Sunday, November 27, 2011

Balistic for Bagels

I was sitting, waiting, wishing
You believed in superstition
Then maybe you'd see the signs
This part of the song has been replaying in my head tonight as I have been waiting to hear what I am supposed to be doing.  So I thought what better time then now to give a new recipe to you.  I'm awfully sorry if I make no sense tonight I have a really bad headache so I'm hoping to make it through the post without screwing something up.  Anyways bagels are what have been tickling my fancy lately...  I have been meaning to make them ever since the weather cooled off from the summer so that I could actually rise the dough with the oven and not kill everyone with the heat coming off the oven.  Alas I find myself still with no bagels made so I thought if I centered my post around them I might persuade myself to make them this weekend

Homemade Bagels


1 tbsp active dry yeast
1 tbsp sugar

1 3/4 cups water, warm (100-110F)

4 cups bread flour (not all purpose)

1 tbsp salt

1 egg, for egg wash

Preparation:
In a large bowl (or the bowl of a stand mixer) combine yeast, sugar and water. Let stand for 5 minutes, then stir in flour and salt. Mix dough thoroughly until it comes together in a large ball, pulling away from the sides of the bowl. Add an additional tablespoon of flour or water, if needed.
If kneading by hand, turn dough out onto a lightly floured surface and knead until very smooth and elastic, about 10 minutes. If using a stand mixer, knead dough with the dough hook until elastic, about 8 minutes on a low speed. Place dough in a lightly greased bowl, cover with plastic wrap and let rise for 1 hour, or until doubled in size.

Bring a large pot of water to a gentle boil and preheat the oven to 400F.

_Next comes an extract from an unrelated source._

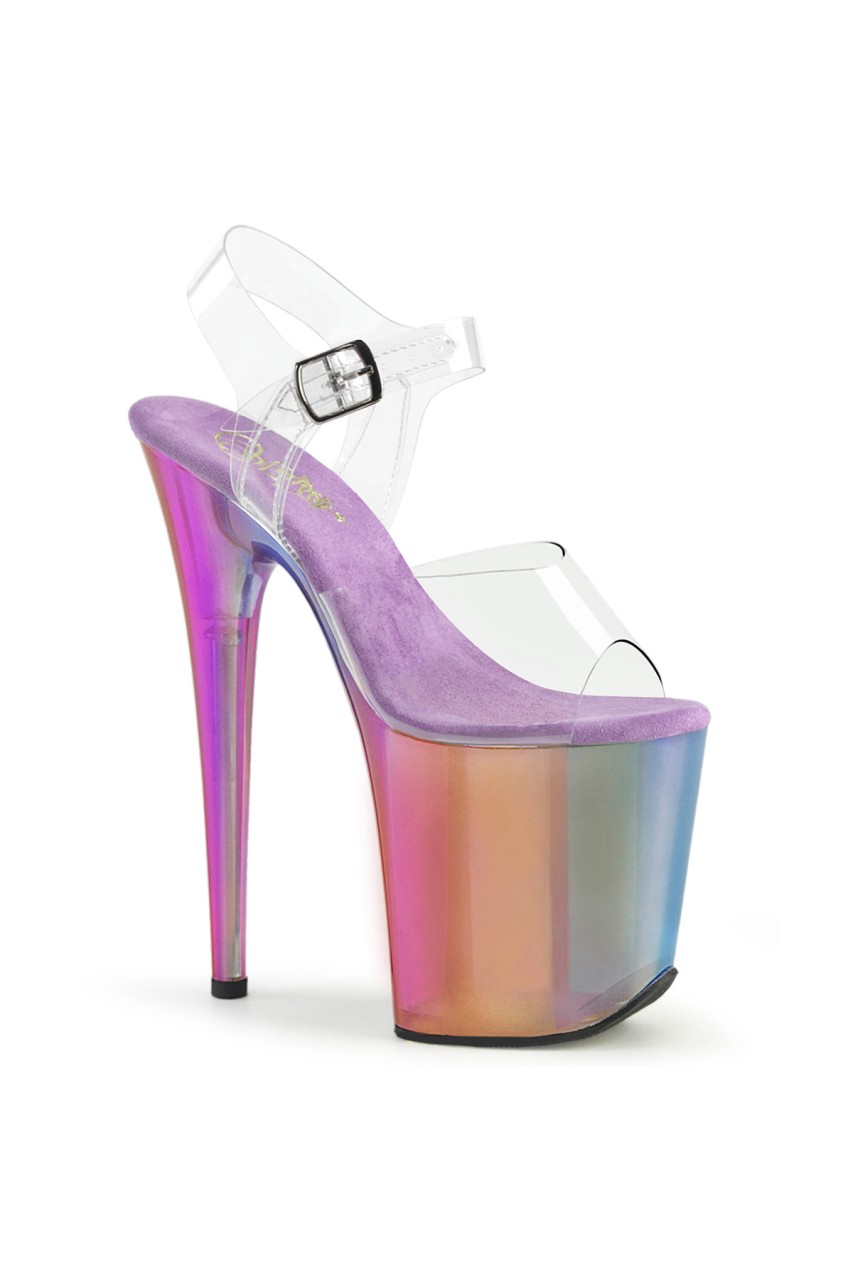 8″” (200mm) Heel, 4″” (100mm) Platform Ankle Strap Sandal Featuring Rainbow Misty Tinted Platform Bottom

When dough has risen, turn the dough out onto a very lightly floured surface and divide into 12 equal pieces (first quarters, then thirds). Shape each piece into a tight ball as illustrated below, pinching the corners together at the bottom of the piece of dough. When all the balls are shaped, let the dough rest for 30 minutes covered with a clean dish towel.

Once dough balls have rested, the bagel shape can be formed. Using your fingers, poke a hole through the center of each dough ball. Stretch out the dough into a ring with your fingers and be sure to make the hole a little larger than you want the finished bagel to have, as it will shrink slightly while the bagel is expanding during the baking process. Let bagels rest for about 10 minutes.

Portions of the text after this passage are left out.